# Suspension replacement collecting parts



## Jopet (Aug 10, 2009)

Hello! started on this project that I've been putting off too long. I'm buying suspension parts a few pieces at a time. I plan to replace the whole assembly, front and back. 
My first issue: Thrust bearings. I bought online, got two. Did not have any description whether left or right. They arrived and I got two different thrust bearings. One is one piece and have no moving parts, the other is like a bearing where the insides and outside parts turn. They both have approximately the same size.
Are these ok to use? or they messed up my order?


----------



## jdg (Aug 27, 2009)

Thrust bearings? Are you talking about the upper strut mount bearings?


----------



## Jopet (Aug 10, 2009)

Yes. sorry about that. I forgot to mention, another challenge is the names of the parts seem to be different from the FSM


----------



## jdg (Aug 27, 2009)

Ya, I just checked my manual as well...thrust bearings. I'll still call them upper strut mounts...'cause I'm stubborn.

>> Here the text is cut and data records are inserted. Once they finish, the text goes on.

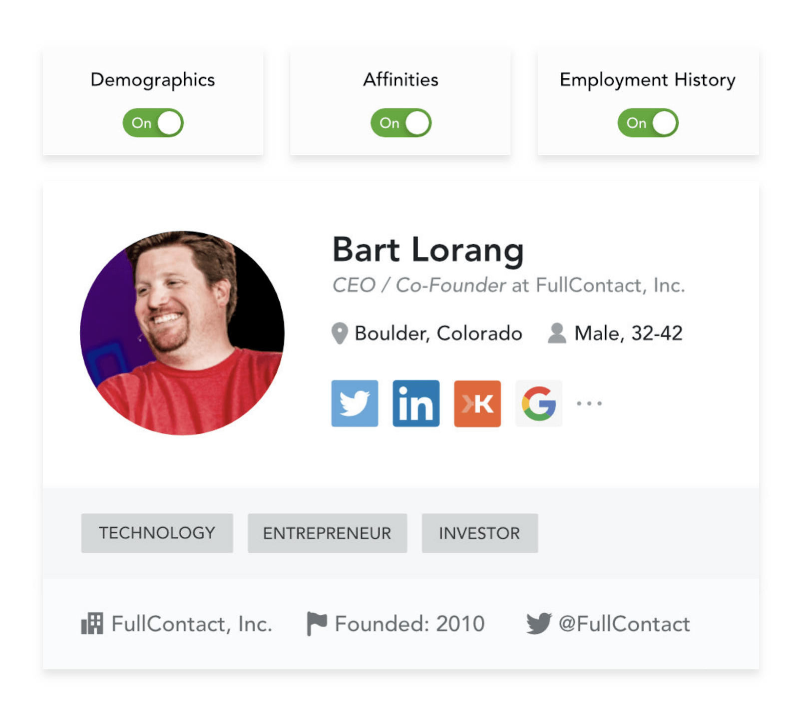 FullContact verbessert die Verkaufsakquise, indem es eine E-Mail-Adresse, einen sozialen Kontakt oder eine Telefonnummer in ein vollständiges Personen- oder Unternehmensprofil umwandelt, das Sie verwenden können, um Ihre Reichweite zu priorisieren und anzupassen.
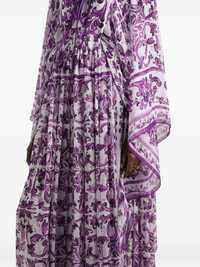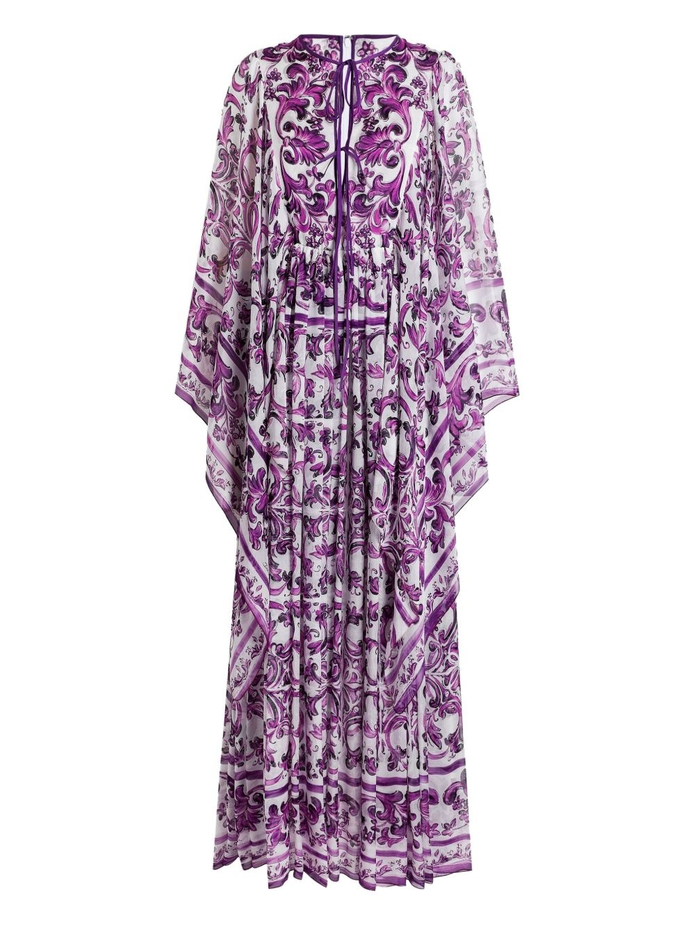 Majolica-print dress Highlights - Amaranth purple - Concealed rear zip fastening - Front tie fastening - Round neck - Long sleeves Made in Italy Composition Silk 100% Washing instructions Read Manufacturer Guidelines
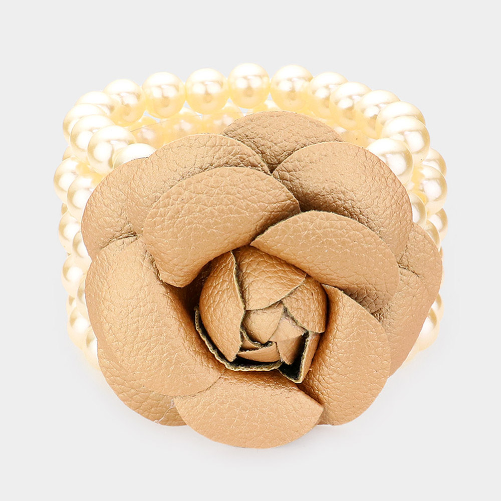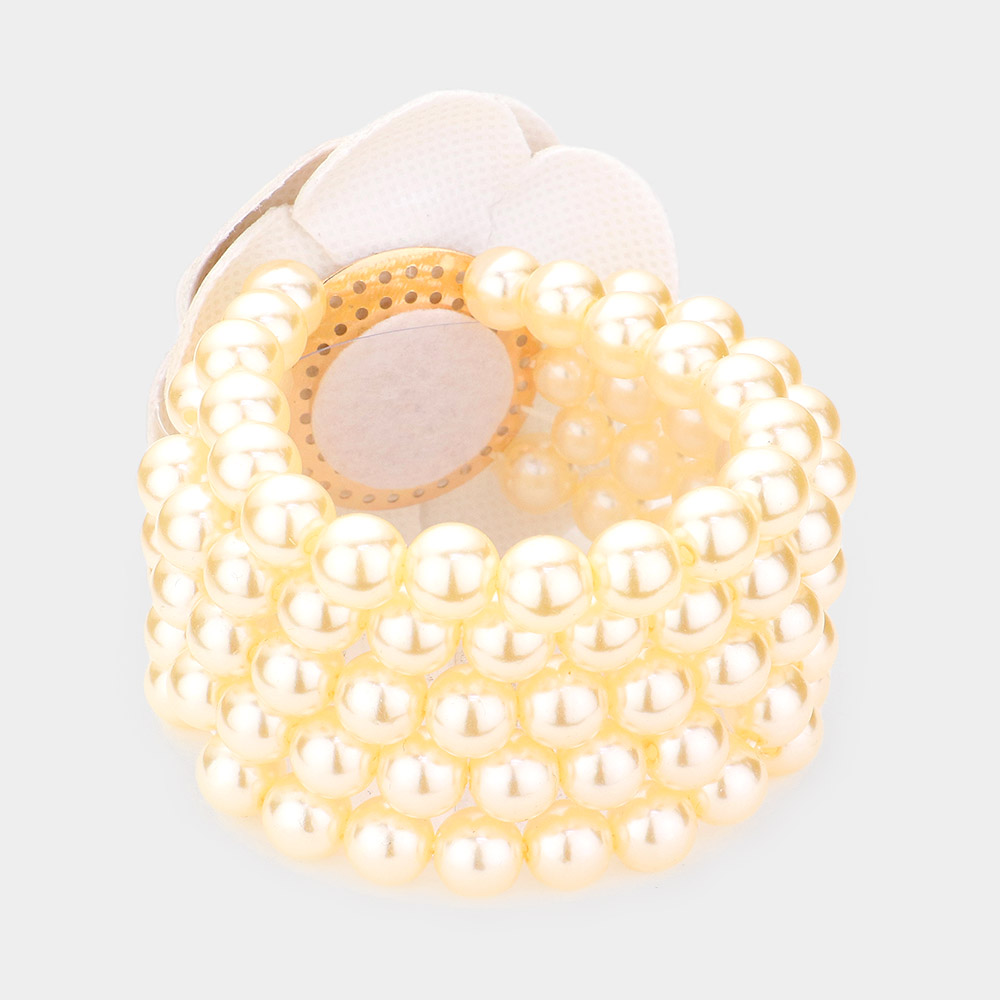 Details • Size : 2.75" H • Stretchable • Stylish stretch bracelet featuring multiple strands of pearls and a bold flower centerpiece for a chic statement. Perfect for weddings, parties, or elegant occasions, this bracelet blends classic pearl elegance with modern floral detailing, creating a standout accessory for refined looks.
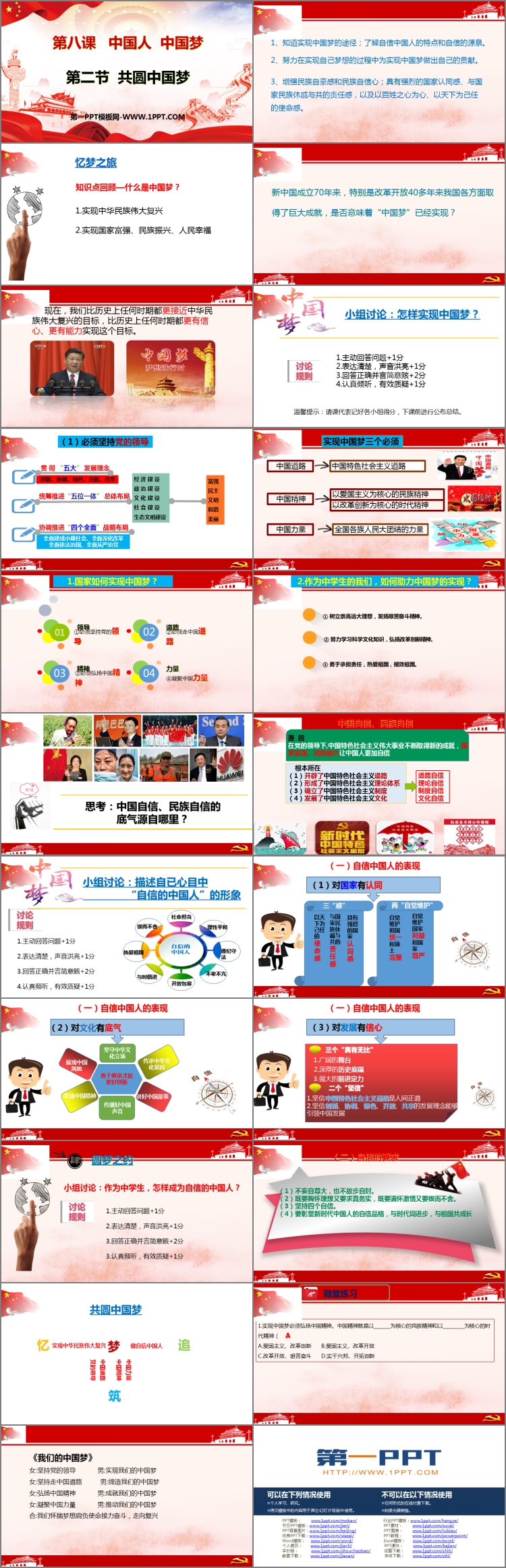 知道实现中国梦的途径;了解自信中国人的特点和自信的源泉。

At any rate, yes, they are supposed to identical and one part will spin on a set of needle bearings in the bottom of the mount.
The top of the strut sits on the bottom of the mount. The mount allows the strut to turn smoothly. Piece of cake to change once the struts are out of the way. 3 nuts/bolts, done and done.
SM5066 is the part number I used.

P.S. Too bad you didn't live down the street from me. I've got a '97 GXE that I put all new front/rear suspension on (shocks, struts, mounts, bushings, control arms, boots, everything). Put about a 1,000 miles on it, maybe 3 weeks of driving, and the wife got hit on the front/right quarter. No suspension damage that I could tell, car drove straight for the 1/8 mile up the driveway after getting dropped off by the flatbed tow truck (except that alternator was busted in half, serpentine belt fell off, radiator cracked in half/leaking, A/C lines mulched, front clip hanging/dragging, air bags deployed, windshield busted out)...but hey...it started and ran for the couple of minutes it took to move it.


----------



## azkicker0027 (May 31, 2002)

well, hold on now. what are you trying to do? I recommend to sort this out before buying parts so you don't end up with new parts that you'll just set aside for performance/better parts that you actually need. Are you going for coilovers or springs/shocks? would you need a lot of camber, or just right? how low are you going? maybe airbags? form or function? look up Tein as well. I think they still have the springs and an adjustable mount for extra camber. 
I had KYB AGX's with Eibach pro-kits with Tein pillowball mounts at one time. did away with the teins due to height issues. 
just a suggestion.


----------



## Jopet (Aug 10, 2009)

don't worry I know what I'm doing  Been reading on this for a couple of years now. Thing is, I have not done this project, so I'm not familiar with all the parts I need. 
For instance, got a little issue with the front lower seat. I have seen on other suspension threads that nobody manufactures them. A few months back I saw these parts start to come up online. So I ordered and a few days ago. First I got - parts out of stock, choose a replacement. then they sent me a GM part!
Now they said keep that for a couple of weeks and we'll send you the right part. In a few minutes - part out stock again - choose a replacement.
Maybe I don't need the part? I know some struts come with the lower seat. I'm planning to get the AGX as well. 
Thanks for the advice


----------



## Jopet (Aug 10, 2009)

Ok, guys. One more part and I have everything. Except, I can't find it even at courtesyparts. Its the rear shock absorber mounting seal. I believe its the spacer as its called in the front end. 
Can I reuse the old one?
TY


----------



## Jopet (Aug 10, 2009)

NVM.
Got my answer. Searched using the part number. Found some for the G20. Keep forgetting its mostly the same car. Parts are just more pricey.


----------



## Jopet (Aug 10, 2009)

Hello again!! 
Need to know the best method to torque down front upper strut nut. 
Is it ok to torque it down installed in the vehicle while its on the ground?
I've read many different methods, wanted to know if this is ok with our cars
Thanks!!


----------



## jdg (Aug 27, 2009)

I've done it both ways. Hanging on my 97 Sentra. On the ground on my 98 200SX.
Never noticed a difference...Not both ways are right though...Don't know which one is more "correct".


----------



## BoostedGa16 (Sep 7, 2014)

Az, im running teins with kyb shocks,i assume theyre the street level teins but i could be wrong, they came with the car.Anwyay,whats that pillowball you were talking about?Is there something i can add to my coilovers for camber adj.? I'm running some 18" rims with no offset at the moment,but plan to kick it down to 15" with a fat lip and an ignorant amount of negative camber lol


----------



## Jopet (Aug 10, 2009)

I've gone through pillowball mounts in my search. Tein part- top front strut mount. I believe it the whole top in ine piece. It will give you a smoother feel hence the bame "pillow". It will however increase the ride height because of its size.


----------